◆ PROBLEM DETAILS
Given these entries, repeat exactly the lines starting with the one that has "ZARA БРЮКИ СВОБОДНОГО КРОЯ ИЗ ТВИЛА, ЭКРЮ" and going on through the one that has "Data January 1926-December", both included, but none of the pictures.

Start of MATERIAL FOR THIS TASK

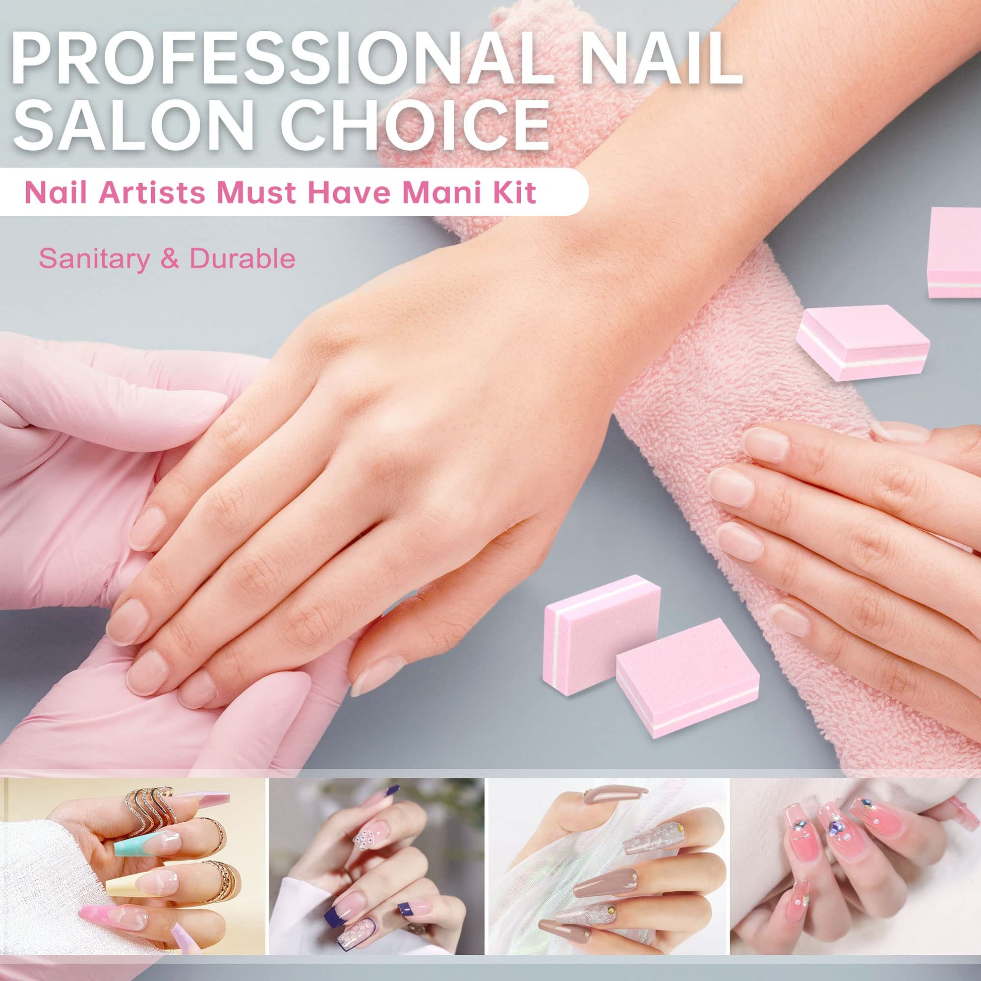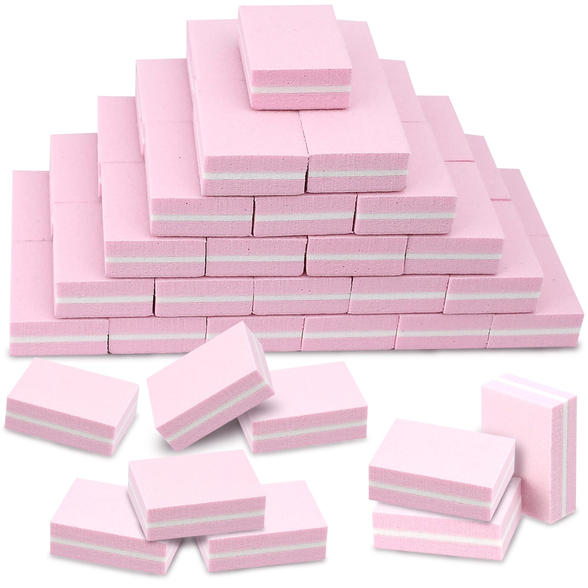 Mini Nail Buffer Blocks, 100/180 Grit Sponge Buffing Sanding Block File Manicure Tools Bulk 50Pcs (Pink)
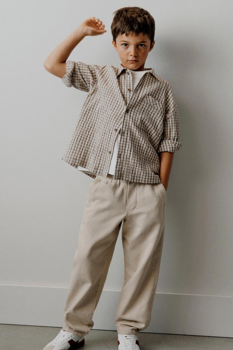 ZARA БРЮКИ СВОБОДНОГО КРОЯ ИЗ ТВИЛА, ЭКРЮ
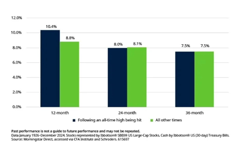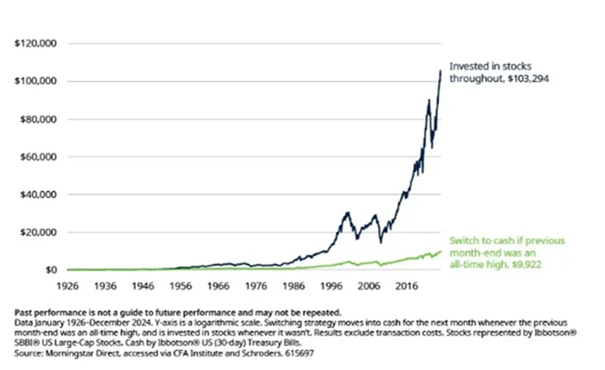 Data January 1926-December 2024. Y-axis is a logarithmic scale. Switching strategy moves into cash for the next month whenever the previous month-end was an all-time high, and is invested in stocks whenever it wasn’t. Results exclude transaction costs. Stocks represented by Ibbotson® SBBI® US Large-Cap Stocks, Cash by Ibbotson® US (30-day) Treasury Bills. Source: Morningstar Direct, accessed via CFA Institute and Schroders.
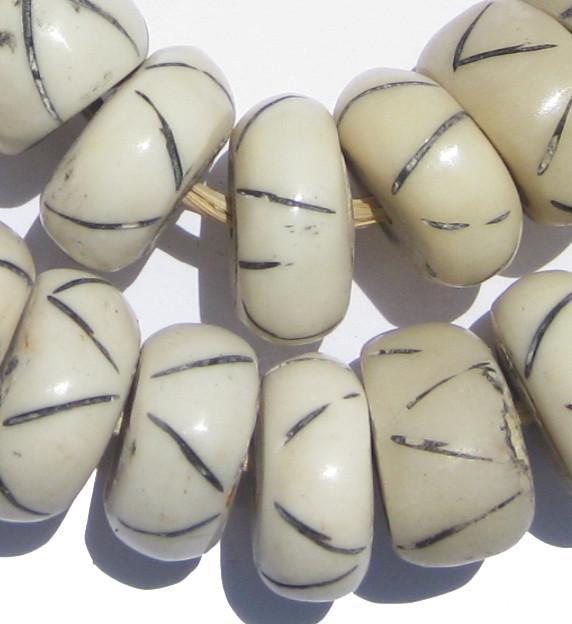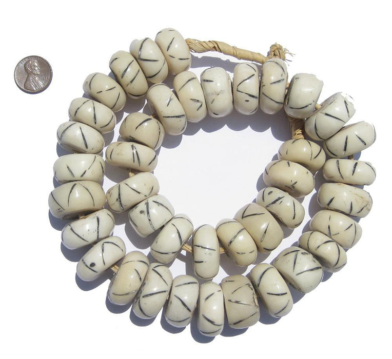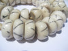 Checkout these beautiful White Bone from Kenya, Africa! The strand is approximately 24" long, and each bead is about 23-25mm in diameter. Some strands may not be on raffia. Due to the handmade nature of these beads some beads may have a wood core that is more secure than others. Finish of some strands may be slightly more matte than photo.
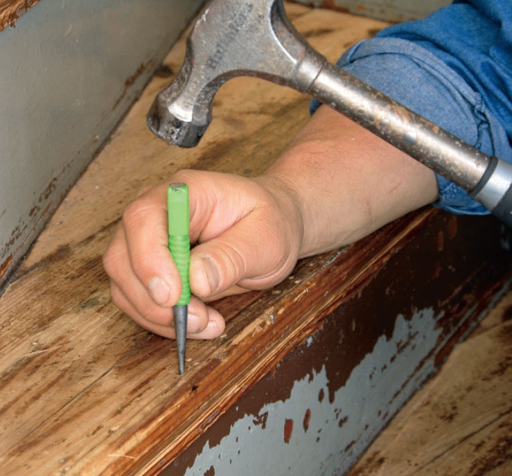 Spikar och annat som du inte kan dra upp slår du ner ordentligt med en puns. Använd en smal sådan så att hålet blir så litet som möjligt.

End of MATERIAL FOR THIS TASK

◆ WORKED SOLUTION
 ZARA БРЮКИ СВОБОДНОГО КРОЯ ИЗ ТВИЛА, ЭКРЮ
 Data January 1926-December 2024. Y-axis is a logarithmic scale. Switching strategy moves into cash for the next month whenever the previous month-end was an all-time high, and is invested in stocks whenever it wasn’t. Results exclude transaction costs. Stocks represented by Ibbotson® SBBI® US Large-Cap Stocks, Cash by Ibbotson® US (30-day) Treasury Bills. Source: Morningstar Direct, accessed via CFA Institute and Schroders.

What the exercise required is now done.